» Work item:
Below this task are records; return each one exactly and omit its images.

——————————

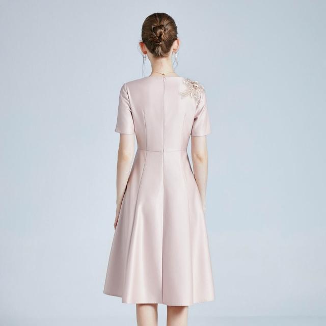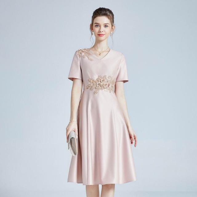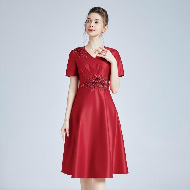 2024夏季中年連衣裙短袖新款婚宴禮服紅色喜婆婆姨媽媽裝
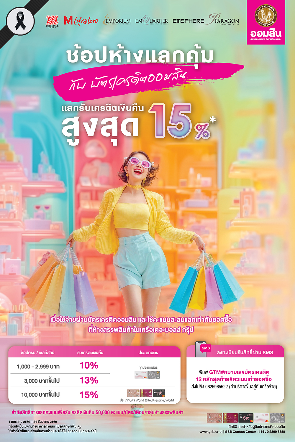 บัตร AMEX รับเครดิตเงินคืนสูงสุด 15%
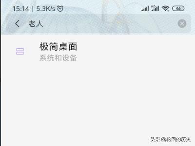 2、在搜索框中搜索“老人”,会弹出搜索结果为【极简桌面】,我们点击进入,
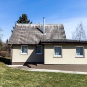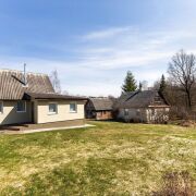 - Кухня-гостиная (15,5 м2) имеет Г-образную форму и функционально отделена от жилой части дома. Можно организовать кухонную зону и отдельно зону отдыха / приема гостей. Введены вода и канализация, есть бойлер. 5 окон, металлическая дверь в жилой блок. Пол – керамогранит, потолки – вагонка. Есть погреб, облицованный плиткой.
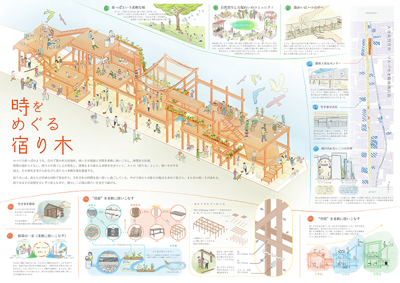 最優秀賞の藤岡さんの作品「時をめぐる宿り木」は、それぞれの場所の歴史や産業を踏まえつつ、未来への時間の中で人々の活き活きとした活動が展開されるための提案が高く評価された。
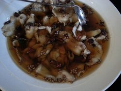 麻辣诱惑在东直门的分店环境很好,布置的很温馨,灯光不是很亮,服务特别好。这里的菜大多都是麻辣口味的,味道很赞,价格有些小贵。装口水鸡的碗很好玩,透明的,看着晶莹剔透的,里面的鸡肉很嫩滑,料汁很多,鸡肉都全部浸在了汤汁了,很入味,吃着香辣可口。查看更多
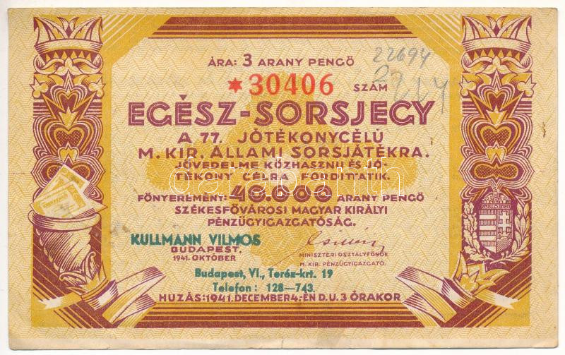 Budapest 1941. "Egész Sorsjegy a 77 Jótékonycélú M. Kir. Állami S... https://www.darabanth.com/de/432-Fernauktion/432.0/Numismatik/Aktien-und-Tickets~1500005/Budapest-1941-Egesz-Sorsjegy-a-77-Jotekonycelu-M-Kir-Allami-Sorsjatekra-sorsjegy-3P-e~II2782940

——————————

» Solution below:
 2024夏季中年連衣裙短袖新款婚宴禮服紅色喜婆婆姨媽媽裝
 บัตร AMEX รับเครดิตเงินคืนสูงสุด 15%
 2、在搜索框中搜索“老人”,会弹出搜索结果为【极简桌面】,我们点击进入,
 - Кухня-гостиная (15,5 м2) имеет Г-образную форму и функционально отделена от жилой части дома. Можно организовать кухонную зону и отдельно зону отдыха / приема гостей. Введены вода и канализация, есть бойлер. 5 окон, металлическая дверь в жилой блок. Пол – керамогранит, потолки – вагонка. Есть погреб, облицованный плиткой.
 最優秀賞の藤岡さんの作品「時をめぐる宿り木」は、それぞれの場所の歴史や産業を踏まえつつ、未来への時間の中で人々の活き活きとした活動が展開されるための提案が高く評価された。
 麻辣诱惑在东直门的分店环境很好,布置的很温馨,灯光不是很亮,服务特别好。这里的菜大多都是麻辣口味的,味道很赞,价格有些小贵。装口水鸡的碗很好玩,透明的,看着晶莹剔透的,里面的鸡肉很嫩滑,料汁很多,鸡肉都全部浸在了汤汁了,很入味,吃着香辣可口。查看更多
 Budapest 1941. "Egész Sorsjegy a 77 Jótékonycélú M. Kir. Állami S... https://www.darabanth.com/de/432-Fernauktion/432.0/Numismatik/Aktien-und-Tickets~1500005/Budapest-1941-Egesz-Sorsjegy-a-77-Jotekonycelu-M-Kir-Allami-Sorsjatekra-sorsjegy-3P-e~II2782940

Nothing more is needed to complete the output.